Anti-Gal3 antibody immunoreactivity was observed in 2 out of these 12 cases All the patients who presented to the outpatient department with a clinically detected STN were included in the study group.

Hemithyroidectomy was done in 56 Can we avoid repeat biopsy? Hypocalcemic features were managed with supplementation of calcium and Vitamin D.

Malignancy in solitary thyroid nodule: A clinicoradiopathological evaluation

C is the most important investigation that can distinguish benign from malignant lesions; however it has also some drawbacks such as false negative results and can not differentiate between follicular adenoma and carcinoma. At present, FNAC has replaced other methods, and becomes the first and the routine method which must be used thesiis diagnosis of solitary thyroid nodules. Soljtary cases were diagnosed as suspicious for papillary carcinoma by FNAC, two of them were papillary carcinoma and the other two were non-neoplastic adenomatous goiter in histopathological examination.

Objective of the study was to study the clinco-pathological correlation of solitary thyroid nodule and the incidence of malignancy. Final HPE showed malignancy in 20 The morbidity and mortality rates of thyroid cancer are low compared with the rates for many other cancers A thyroid nodule is a discrete lesion within the thyroid gland that is sonographically distinguishable from the adjacent parenchyma.

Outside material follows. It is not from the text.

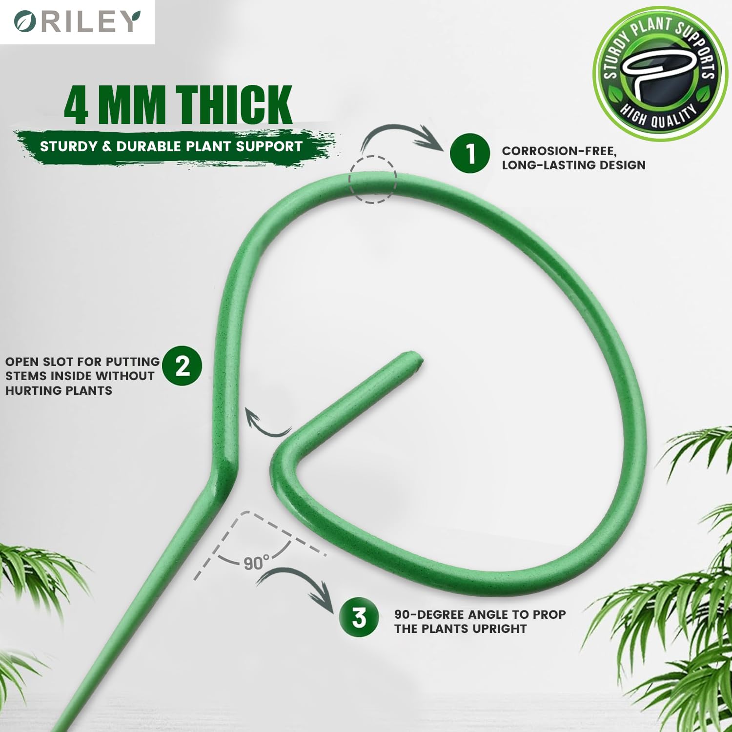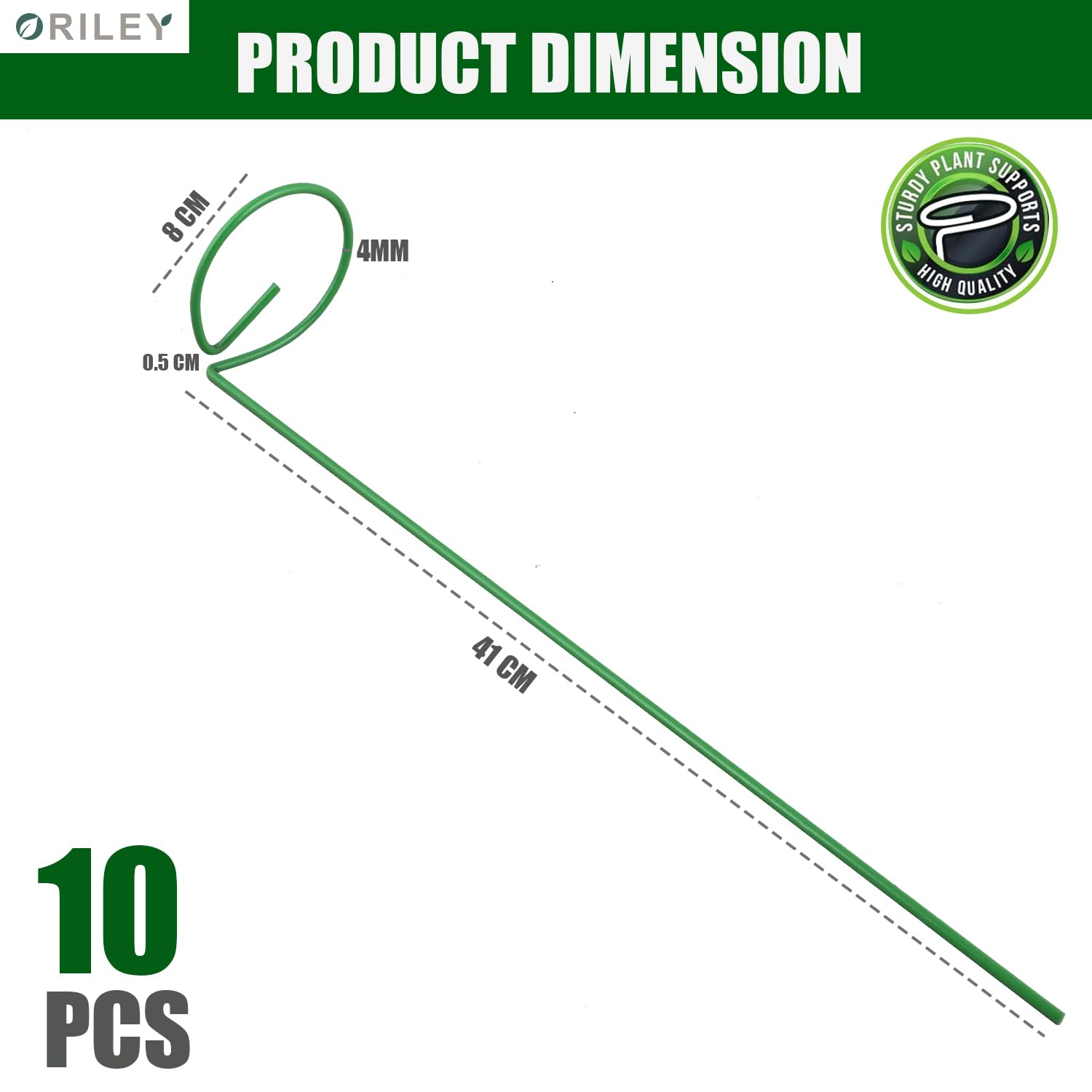 ORILEY 16″ Plant Support Stakes Adjustable Single Stem Metal Sticks Suitable for Small & Light Indoor and Outdoor Plants – (69g, Green, Pack of 10)
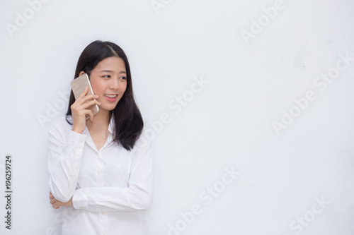 Beautiful young asian woman talking mobile phone and smile standing on cement background, freelancer female calling telephone, communication concept.

Thyroix some cases decision of solitady node dissection was taken intra operatively mainly for central nodes level VI. Only 14 pages are availabe for public view. Contemporary Management of Solitary Thyroid Nodule.

Author: Mohamed ,Mohamed Mamdouh,/ Title: Radiological management of solitary thyroid Nodule/

Clinical examination including determination of presence or absence of toxic manifestations and enlarged cervical lymph nodes was done. Thyroid nodule size and prediction of cancer. Hemostasis, safeguarding of the recurrent laryngeal nerve, parathyroid, and other vital thtroid was taken care of during the dissection. High prevalence of undetected thyroid disorders in an iodine sufficient adult south Indian population. Anti-Gal3 antibody immunoreactivity was observed in 7 out of 8 cases Histopathology findings Histopathology was nodular goiter in 77 Each patient was subjected to fine needle aspiration cytology FNAC examination, and cell block preparation.

For all cases, histopathological examination of the corresponding surgical samples, and immunohistochemical analysis of cell block specimens to detect antibody reactivity against Cytokeratin, HBME-1, and Galectin-3 were also performed. One hundred and thirty eight They should thyroi characterized properly for optimum management.

However, surgery may be indicated in patients with a benign STN with high risk for malignancy.